A mídia tenta realinhar a História para se livrar da paternidade bolsonarista. Por Tiago Barbosa

Atualizado em 27 de fevereiro de 2020 às 8:11
Jair Bolsonaro (foto: Carl de Souza / AFP)

Está em curso no Brasil uma nova tentativa cínica do jornalismo comercial de realinhar os fatos para cavalgar a narrativa histórica.

A ofensiva mentirosa passa pela faxina da biografia dos jornalistas e veículos até ontem indiferentes a valores humanistas e complacentes com arroubos autoritários.

Era a época do PT e, contra o PT, claro, valia tudo: feminismo, machismo, racismo, golpe, manipulação judicial, milícia eram tudo mimimi de esquerdopata.

A pregação do ódio contra a esquerda era diária, lembra? Colunistas e repórteres engoliam a seco todo tipo de versão, por mais estapafúrdia, para ferrar os petralhas.

Valia até tripudiar da roupa e do andar de Dilma porque misoginia, sabemos, não nasceria ali, é óbvio.

Enforcar bonecos de Lula e Dilma na Paulista? Ah, bobagem. Liberdade de expressão. Exortar fechamento do Congresso, do STF era coisa de “poucos”, valia nem a pena mencionar.

O importante era o tom solene de Bonner no Jornal Nacional para exaltar a “pacificidade” das manifestações. Nem se fale nos casos “isolados” de violência.

Dilma com vagina transformada em tanque de combustível? Metralhar a petralhada? Exagero da esquerda. Chola mais. Afinal, Bolsonaro jurou para Bonner no Jornal Nacional o cumprimento da Constituição.

Mas havia um inconveniente constante nas mídias progressistas – os sujos, entende? -, difícil de calar e convencer, de cooptar, com umas previsões chatas sobre um futuro sombrio, quebra democrática, desrespeito aos direitos humanos, perseguições à arte e à diversidade sexual.

Vira essa boca para lá, bradavam as mirians, veras, marilizes da vida. Guedes estava aí, o neoliberalismo prosperaria sob o bolsonarismo adubado pelo ódio. Bastava.

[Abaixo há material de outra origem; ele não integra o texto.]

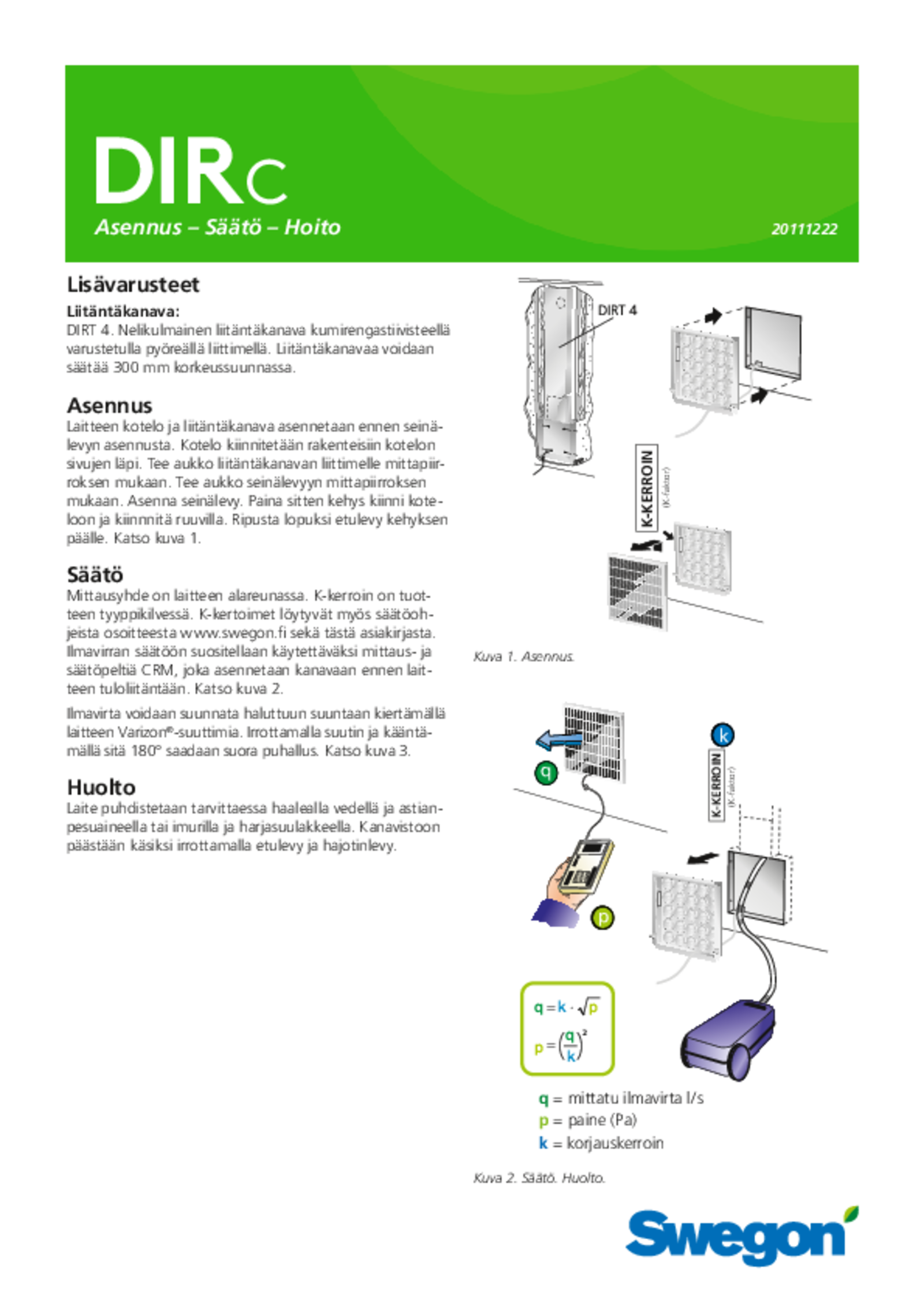 | Asennus, säätö, huolto (pdf 1.15MB) | DIRc | Asennus- ja huoltomanuaali | |
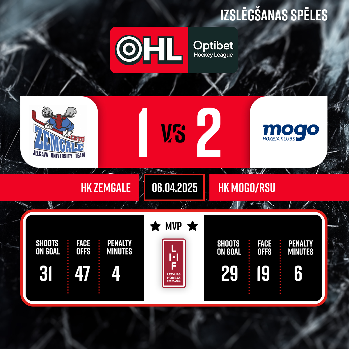 Noraidījums - 2 minūtesSimulācija/pietēlošana, #88 Rūdolfs MASLOVSKIS - 00:001.PSpēles tiesneši- Galvenie tiesneši- Uldis Bušs, Agris Ozoliņš līnijtiesneši- Voldemārs Rava, Dāvis Zunde
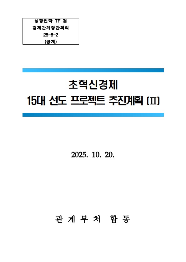 ▶ 초혁신경제 15대 선도프로젝트 추진계획. Ⅰ (2025.09.10.) / 관계부처 합동
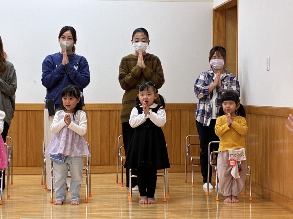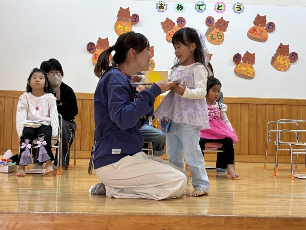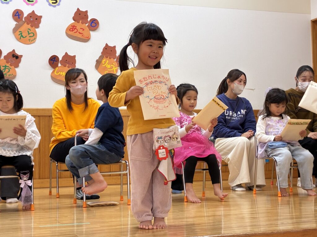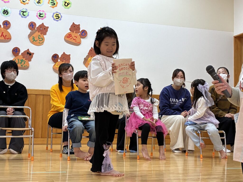 入場し、全員でお祈りした後は園からプレゼントです!お誕生の本には、みんなの好きな遊びや身長・体重が書かれ、みんなの可愛い写真が貼ってありますよ!子ども達とお家でゆっくり見て見て下さい💓

Mas a vida, era óbvio, deu uma rasteira nos cúmplices de fascismo e plantou as trevas no destino dos iludidos – e, sobretudo, dos cínicos e canalhas.

E como reconhecer a burrada e o mau-caratismo de ter aderido ao fascismo e cavado a própria cova? Autocrítica, ne? Nada. É simples: sequestra a realidade, refaz a narrativa e, voilá, os panacas posam de perseguidos.

A vítima é o ex-carrasco na era do cinismo.

Quem cuspia no feminismo, debochava do machismo, ridicularizava a misoginia agora usa como escudo – contra os monstros que criou – as bandeiras enxovalhadas.

A mutação requer, no entanto, o silenciamento das vozes de alerta – e aí, a canalhice é protagonista.

Nada de admitir a cegueira (ou a má-fé) de ter ignorado os avisos – vale mesmo é se passar por coitada, se agarrar aos parceiros da barca furada e fazer da incompetência prévia a razão de uma consciência tardia.

Os inconsequentes querem posar de mártires na fantasia da nova narrativa. Não são.

E é preciso apontar, sim, a despeito dos incautos de plantão, quem regou o fascismo com sarcasmo, ignorância, ódio e politicagem barata. A culpa é deles.

O despertar dos tolos não adormece a reflexão e o bom senso. Esquecimento é sinônimo de repetição.

Se a omissão passar batida pelo escrutínio público, amanhã os neoarrependidos prostituem novamente o espírito critico e os valores democráticos em nome de interesses espúrios – com a desfaçatez usual de quem destruiu o país e foi à rua como pato amarelo celebrar.

E esse pesadelo civilizatório – falemos à vera – ninguém merece viver outra vez.